◆ **Records shown**
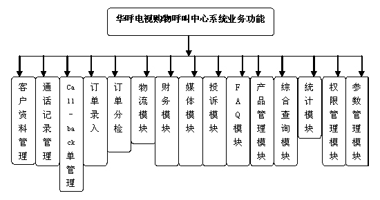 華呼電視購物呼叫中心系統(tǒng)業(yè)務(wù)功能結(jié)構(gòu)示意圖如下:
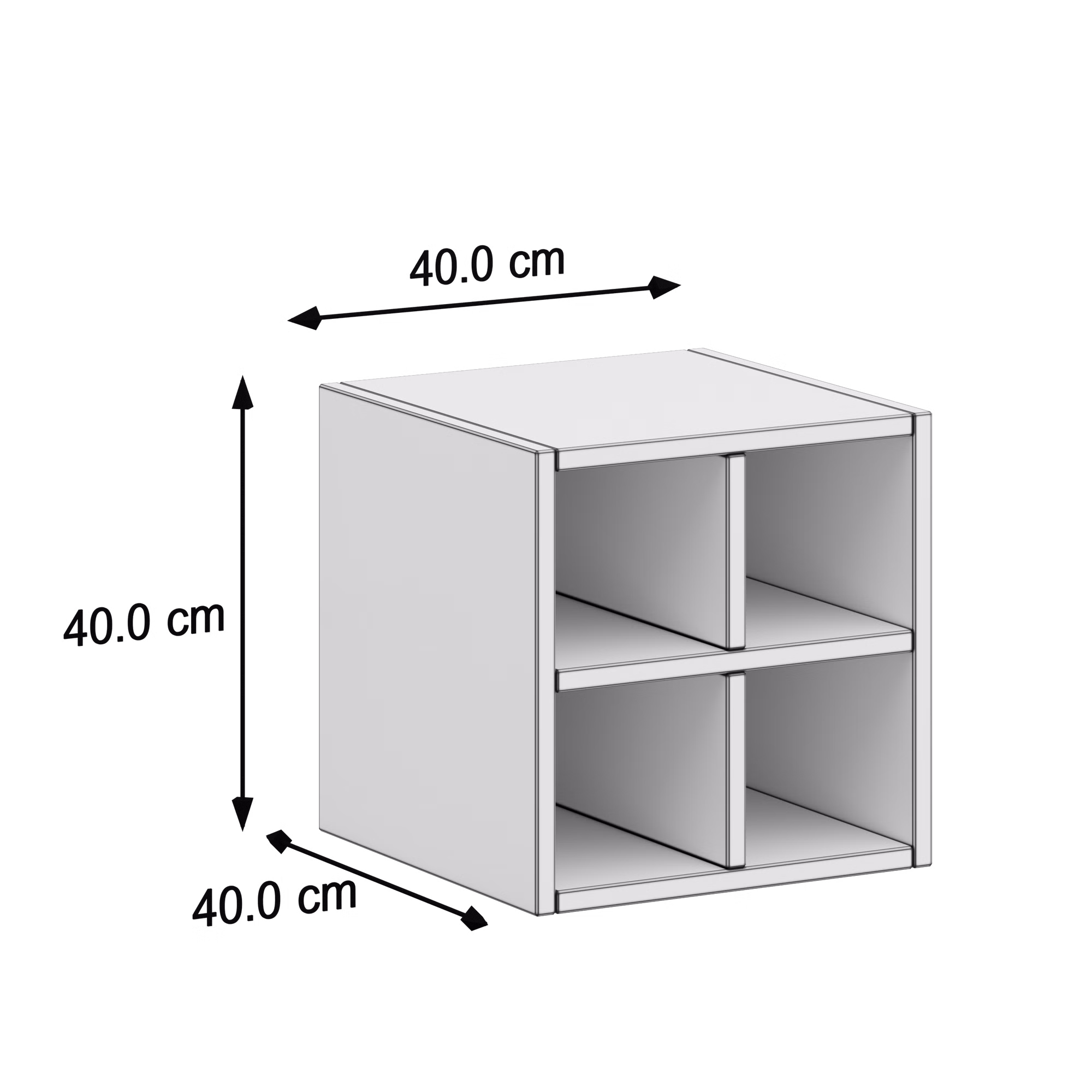 • 1x Regalwürfel Office mit vier Fächern: Außen L 40 x B 40 x H 40 cm
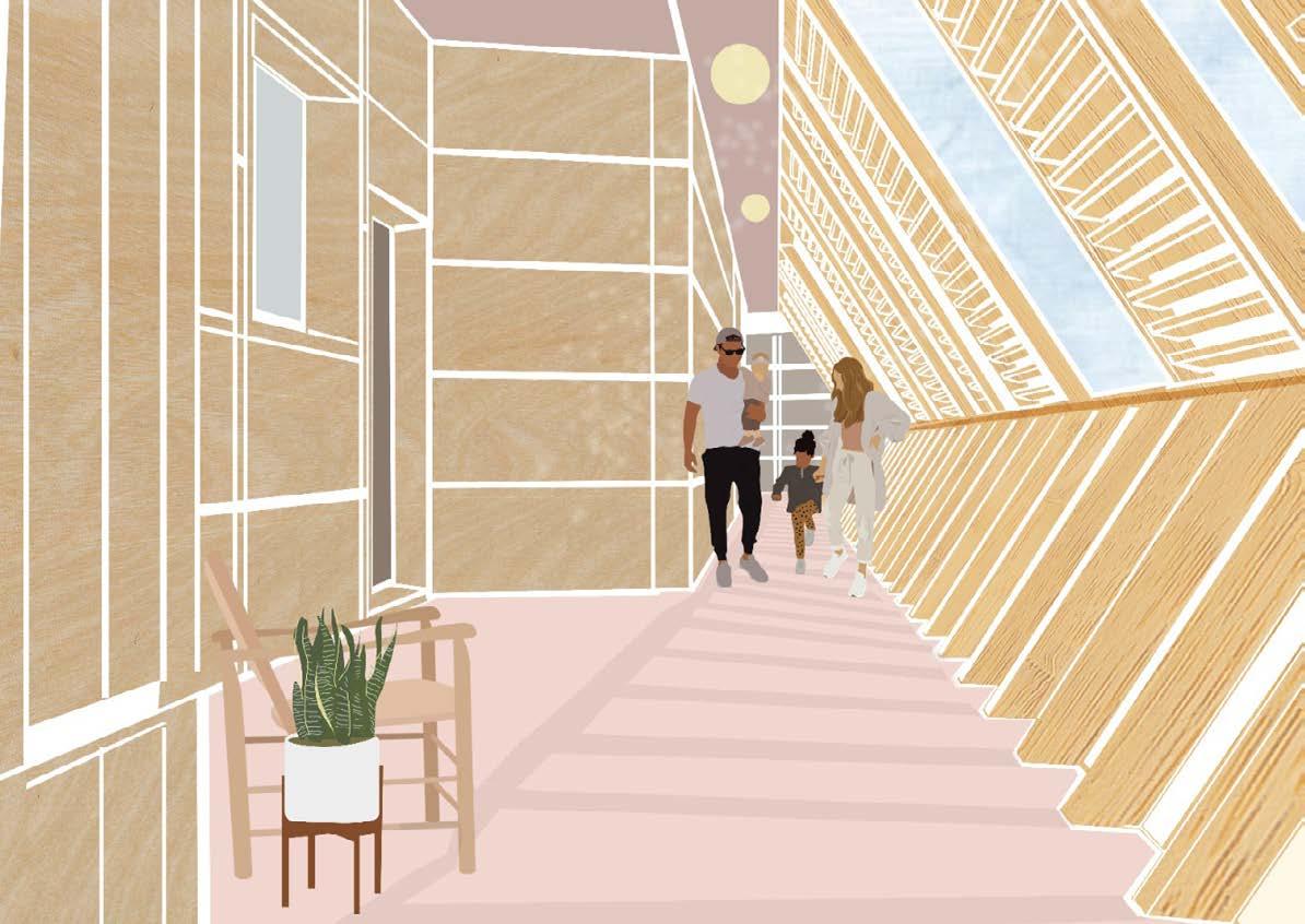 barrier between the swim and skate areas, as well as PV and solar systems on the roof, a cross ventilation floor plan and a canopy roof
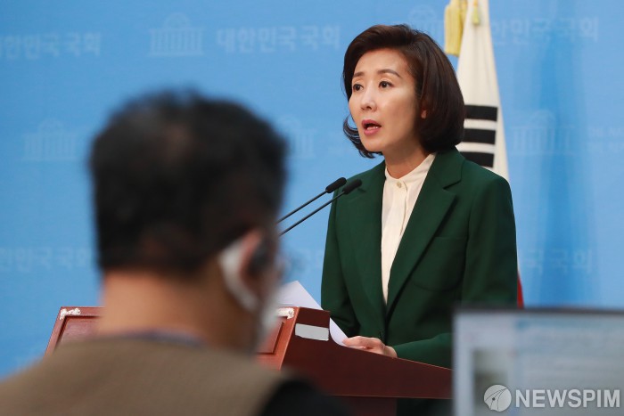 [서울=뉴스핌] 이형석 기자 = 4·15 총선 서울 동작을에 후보자 등록을 앞둔 나경원 미래통합당 의원이 26일 서울 여의도 국회 소통관 기자회견장에서 출마 기자회견을 열고 있다. 2020.03.26 leehs@newspim.com
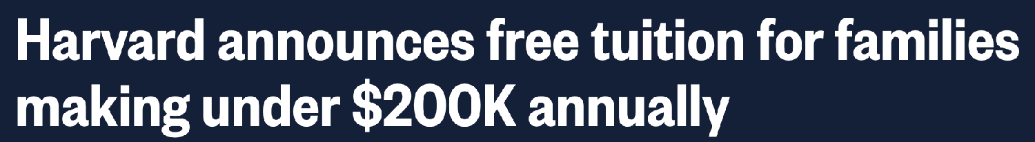 哈佛大学并非唯一一家扩大经济援助计划的高等教育机构。例如,德克萨斯大学系统去年宣布将免收学费计划扩展到年收入在10万美元或以下的家庭,而麻省理工学院也宣布将为家庭年收入低于20万美元的本科生免除学费。
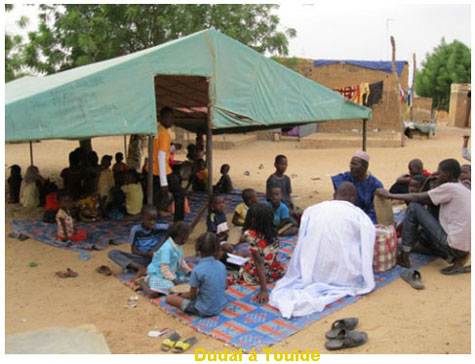 Vieille de 40 ans (1961/ 2001), l’école de Touldé n’a pas beaucoup évolué. Elle est passée d’un hangar à des salles en terre et bois et tôles de zinc dans les années 1970 et 80 et à un établissement construit en dur en 1981, mais très peu équipé:
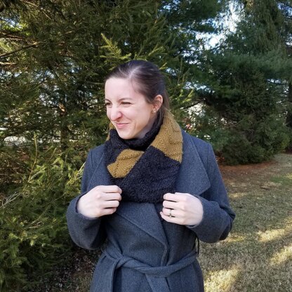 The cowl is worked flat and then the ends are seamed together. It is long enough to be wrapped twice but can also be left unseamed and worn as a scarf.

◆ **What you need to do**
Exactly repeat the material from its first line through the line with "哈佛大学并非唯一一家扩大经济", including both, and leave the pictures and everything else out.

◆ **Result of this task**
 華呼電視購物呼叫中心系統(tǒng)業(yè)務(wù)功能結(jié)構(gòu)示意圖如下:
 • 1x Regalwürfel Office mit vier Fächern: Außen L 40 x B 40 x H 40 cm
 barrier between the swim and skate areas, as well as PV and solar systems on the roof, a cross ventilation floor plan and a canopy roof
 [서울=뉴스핌] 이형석 기자 = 4·15 총선 서울 동작을에 후보자 등록을 앞둔 나경원 미래통합당 의원이 26일 서울 여의도 국회 소통관 기자회견장에서 출마 기자회견을 열고 있다. 2020.03.26 leehs@newspim.com
 哈佛大学并非唯一一家扩大经济援助计划的高等教育机构。例如,德克萨斯大学系统去年宣布将免收学费计划扩展到年收入在10万美元或以下的家庭,而麻省理工学院也宣布将为家庭年收入低于20万美元的本科生免除学费。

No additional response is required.